Lies, Damned Lies, and Elections: Three Essays in Experimental Public Choice

Jared Barton

Advisor: Ragan Petrie, PhD, Department of Economics

Committee Members: Marco Castillo, Thomas Stratmann

Truland Building, #400A
April 26, 2012, 04:00 PM to 01:00 PM

Abstract:

This dissertation examines information transmission, framing, and deception in three field experiments in political environments. The first chapter is a field experiment embedded in a candidate’s campaign for office. The candidate varied whether he revealed his ideological position or explained how to vote to voters, as well as whether he delivered the message in person or left it in their door. These treatments allow us to identify whether political persuasion is due to direct transmission of ideas or indirect transmission through, e.g., costly signaling. The results are consistent with the latter: voters were persuaded by the candidate’s presence, but there is no difference across messages. Voter turnout differences across messages indicate voters did receive the messages, and the fact that voting occurs both privately and well after the campaign contact implies the result is not social pressure from the candidate.

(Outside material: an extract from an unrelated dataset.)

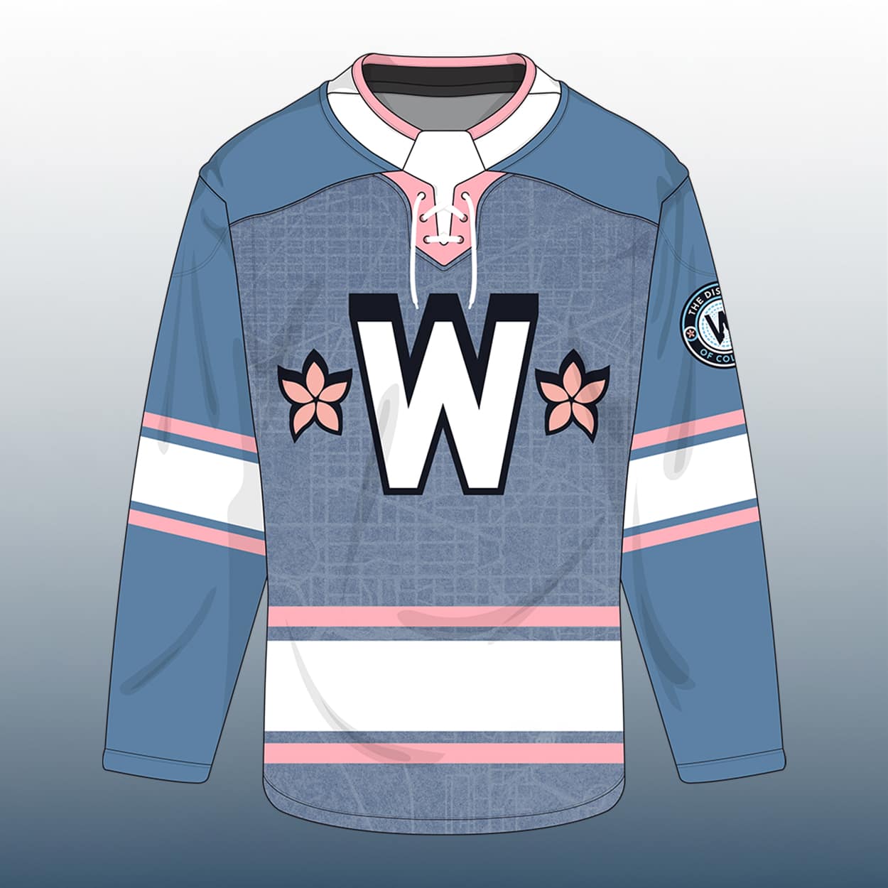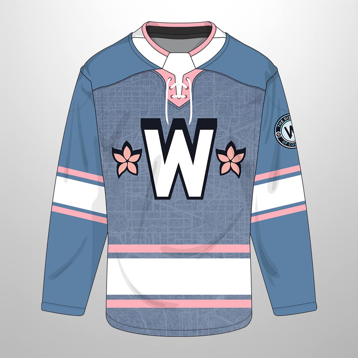 This jersey is a dazzling tribute to Washington, D.C.’s springtime charm and sports legacy. This sleek blue jersey features crisp white and pink accents, with horizontal stripes on the sleeves and hem that add a classic hockey vibe. Front and center, a bold white “W” outlined in black anchors the design, flanked by two vibrant cherry blossom flowers—an unmistakable nod to the city’s iconic bloom. A lace-up collar with pink trim adds a vintage twist, while the circular “W” patch on the sleeve seals the deal with team pride.

The second chapter explores how message tone and framing influence contribution to political campaigns using field experiments embedded in two candidates’ campaigns. We vary whether two candidates’ partisan supporters receive a positive letter, negative letter, or no letter soliciting funds and support for the candidate. Negative messages may lead to greater giving of both money and votes (voter turnout) through emotional responses, loss aversion, or greater informational content of comparative messages. We find no difference in contribution behavior between treatments; both the negative and positive letter are equally effective at fundraising. Partisans receiving the negative message, however, are more likely to vote than positive message recipients. Further analysis reveals that negative messages are do not mobilize voters relative to the control group, but that positive messages depress them.

The final chapter is a quasi-field experiment conducted during a gubernatorial election to study misinformation. There are reports of voter misinformation in every recent election cycle, though their number, magnitude, and effect is currently unknown (U.S. Election Assistance Commission 2006). I constructed a mock election in which students who registered and voted could receive a cash prize, and varied whether subject-voters received a warning about misinformation, an untruthful email on Election Day indicating the mock election was canceled, both, or neither. There is a weak effect of misinformation on voters generally which is mediated by subjects’ prior knowledge: there is no effect on politically-related majors, but a demobilizing effect on non-politics majors. Overall, the results suggest misinformation plays a small role in voter turnout.